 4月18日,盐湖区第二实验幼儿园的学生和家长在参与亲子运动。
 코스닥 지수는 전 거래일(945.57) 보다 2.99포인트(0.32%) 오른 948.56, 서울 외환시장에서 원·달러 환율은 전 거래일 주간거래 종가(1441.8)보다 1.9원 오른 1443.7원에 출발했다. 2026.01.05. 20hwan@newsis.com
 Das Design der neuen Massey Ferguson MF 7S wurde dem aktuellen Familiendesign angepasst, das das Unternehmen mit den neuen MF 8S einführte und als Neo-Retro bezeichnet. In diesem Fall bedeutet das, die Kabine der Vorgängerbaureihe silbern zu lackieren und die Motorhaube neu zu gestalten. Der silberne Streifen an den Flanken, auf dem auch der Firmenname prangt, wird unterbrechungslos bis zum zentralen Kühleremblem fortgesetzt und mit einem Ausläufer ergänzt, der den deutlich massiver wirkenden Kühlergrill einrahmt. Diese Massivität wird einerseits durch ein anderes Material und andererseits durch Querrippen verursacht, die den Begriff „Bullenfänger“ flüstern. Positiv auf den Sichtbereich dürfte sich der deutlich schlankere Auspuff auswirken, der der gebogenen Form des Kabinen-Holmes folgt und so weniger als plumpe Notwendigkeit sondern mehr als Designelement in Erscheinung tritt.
__________
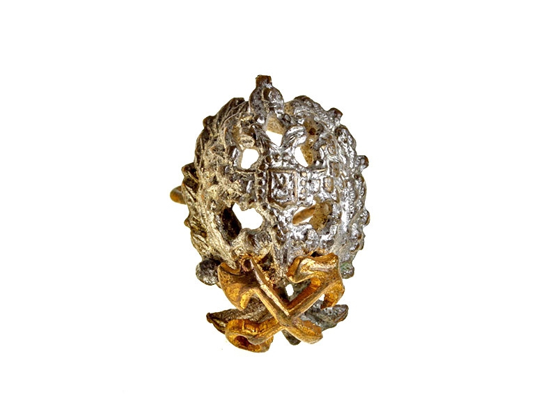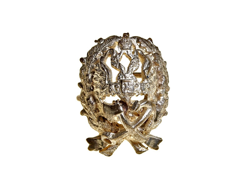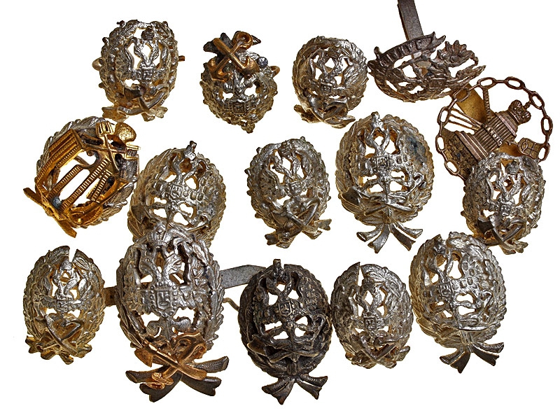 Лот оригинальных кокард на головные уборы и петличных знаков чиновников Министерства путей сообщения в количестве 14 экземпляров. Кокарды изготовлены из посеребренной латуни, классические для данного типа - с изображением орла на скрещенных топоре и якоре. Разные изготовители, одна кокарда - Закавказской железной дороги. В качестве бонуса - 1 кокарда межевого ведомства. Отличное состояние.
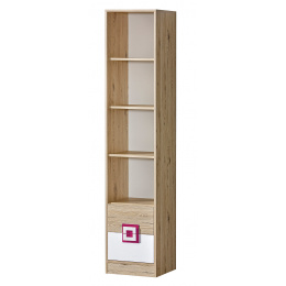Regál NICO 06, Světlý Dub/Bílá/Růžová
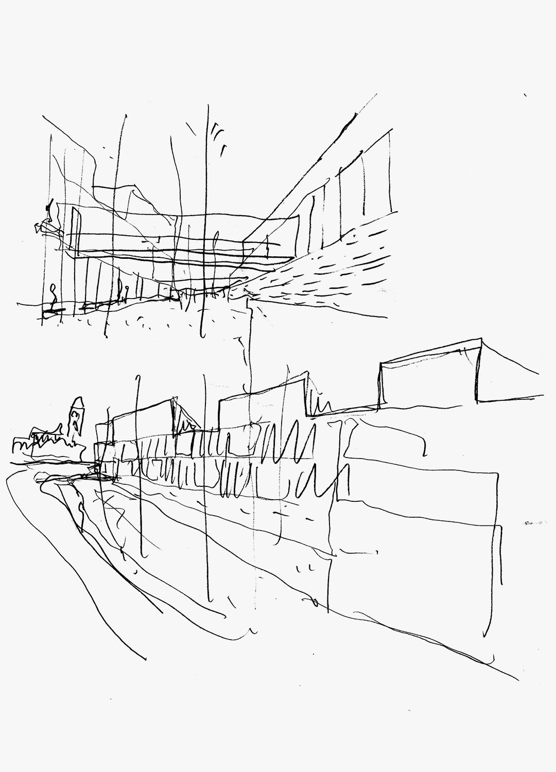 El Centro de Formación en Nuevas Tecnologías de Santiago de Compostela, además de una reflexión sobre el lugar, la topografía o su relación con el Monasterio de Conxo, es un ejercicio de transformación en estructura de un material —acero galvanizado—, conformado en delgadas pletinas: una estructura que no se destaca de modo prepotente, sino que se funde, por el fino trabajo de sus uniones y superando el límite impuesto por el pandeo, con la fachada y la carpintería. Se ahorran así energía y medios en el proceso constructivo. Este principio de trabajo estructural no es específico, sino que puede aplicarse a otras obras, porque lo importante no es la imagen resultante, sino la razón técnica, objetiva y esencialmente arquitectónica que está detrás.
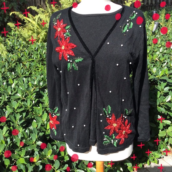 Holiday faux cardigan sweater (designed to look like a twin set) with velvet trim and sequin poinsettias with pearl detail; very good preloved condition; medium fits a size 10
__________
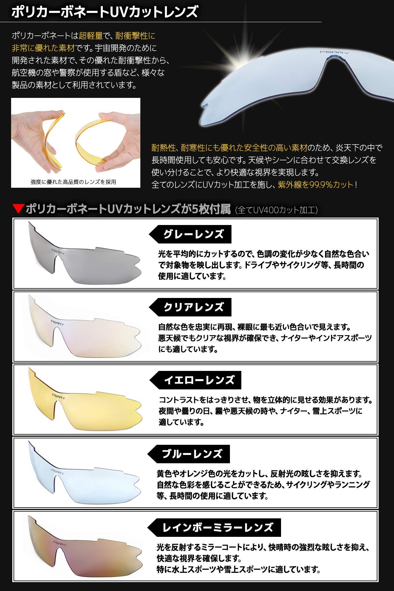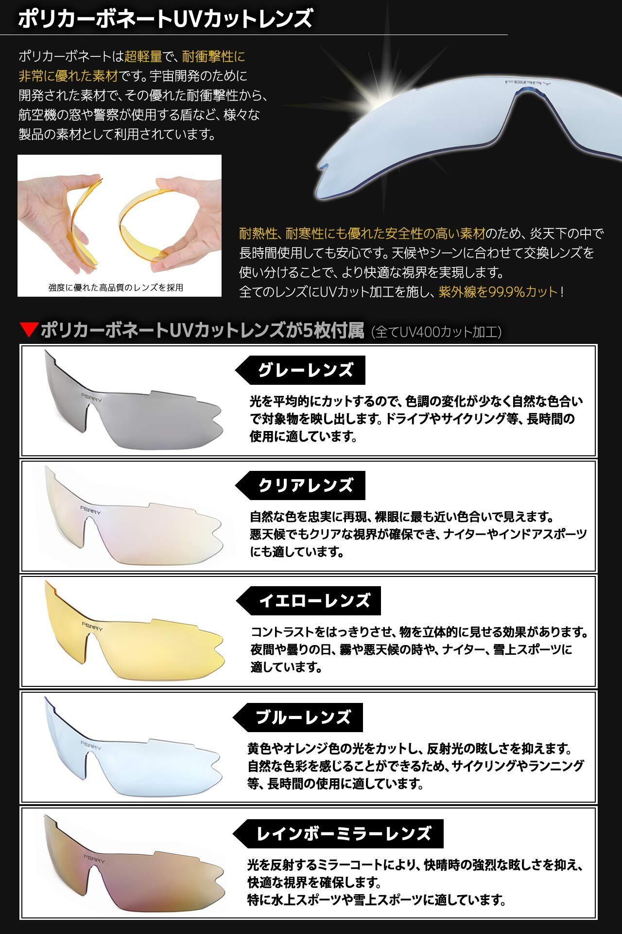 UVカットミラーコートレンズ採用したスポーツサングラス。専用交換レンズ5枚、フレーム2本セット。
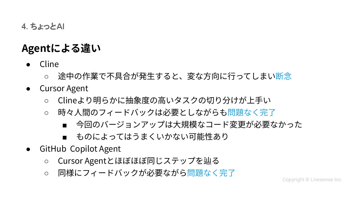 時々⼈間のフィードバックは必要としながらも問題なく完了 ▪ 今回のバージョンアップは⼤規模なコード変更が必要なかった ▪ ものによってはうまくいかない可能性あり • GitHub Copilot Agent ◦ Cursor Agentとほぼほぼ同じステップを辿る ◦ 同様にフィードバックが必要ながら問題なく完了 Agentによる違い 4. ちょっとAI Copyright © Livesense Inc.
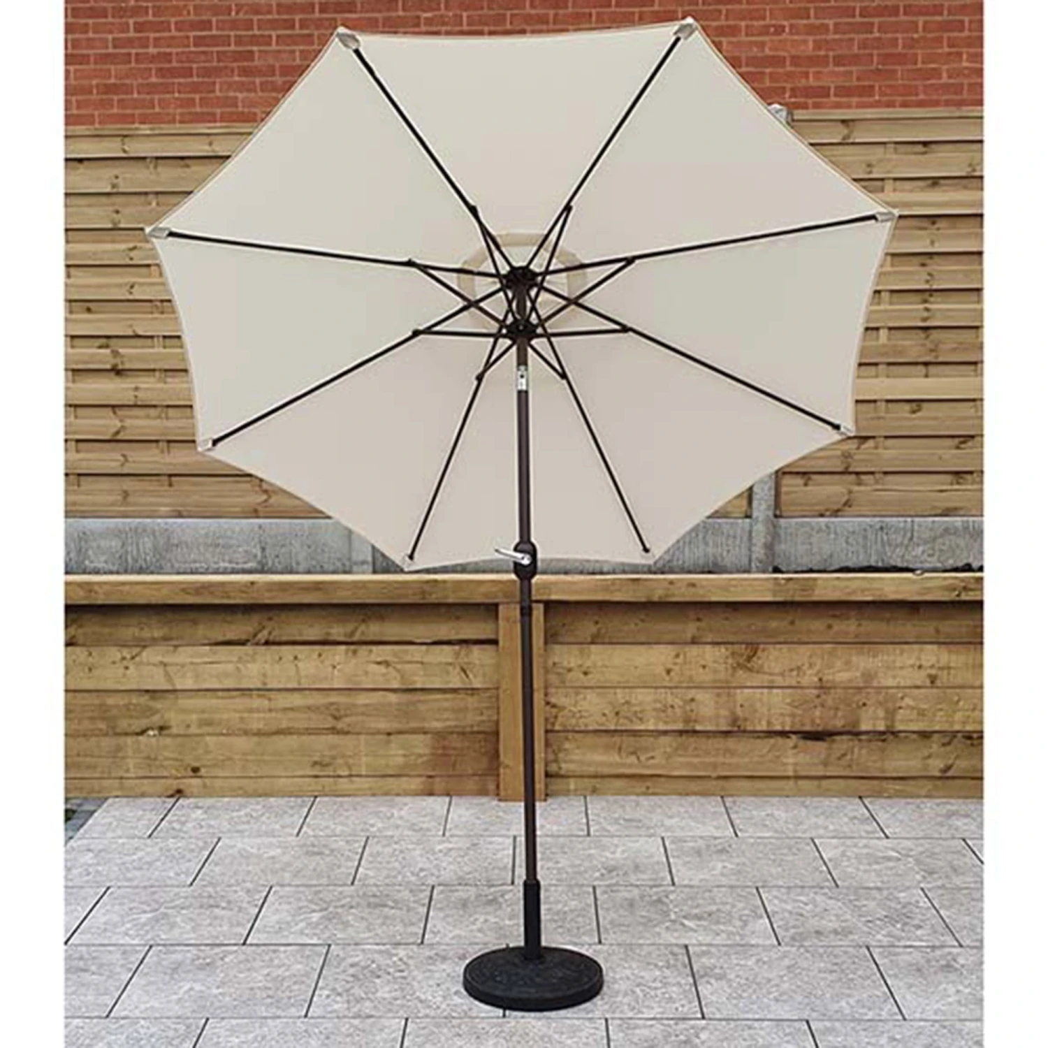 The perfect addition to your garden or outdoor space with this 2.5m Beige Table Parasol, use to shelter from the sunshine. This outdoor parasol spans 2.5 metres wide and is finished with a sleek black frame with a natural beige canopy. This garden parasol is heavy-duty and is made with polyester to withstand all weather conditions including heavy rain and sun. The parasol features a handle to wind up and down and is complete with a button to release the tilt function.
__________
_Exercise instructions_:
Give again exactly, and only, the lines above starting at the one with "4月18日,盐湖区第二实验幼儿园的学生和家长在参与亲子运动。" and ending at the one with "코스닥 지수는 전 거래일(945.57)".

_Result for this task_:
 4月18日,盐湖区第二实验幼儿园的学生和家长在参与亲子运动。
 코스닥 지수는 전 거래일(945.57) 보다 2.99포인트(0.32%) 오른 948.56, 서울 외환시장에서 원·달러 환율은 전 거래일 주간거래 종가(1441.8)보다 1.9원 오른 1443.7원에 출발했다. 2026.01.05. 20hwan@newsis.com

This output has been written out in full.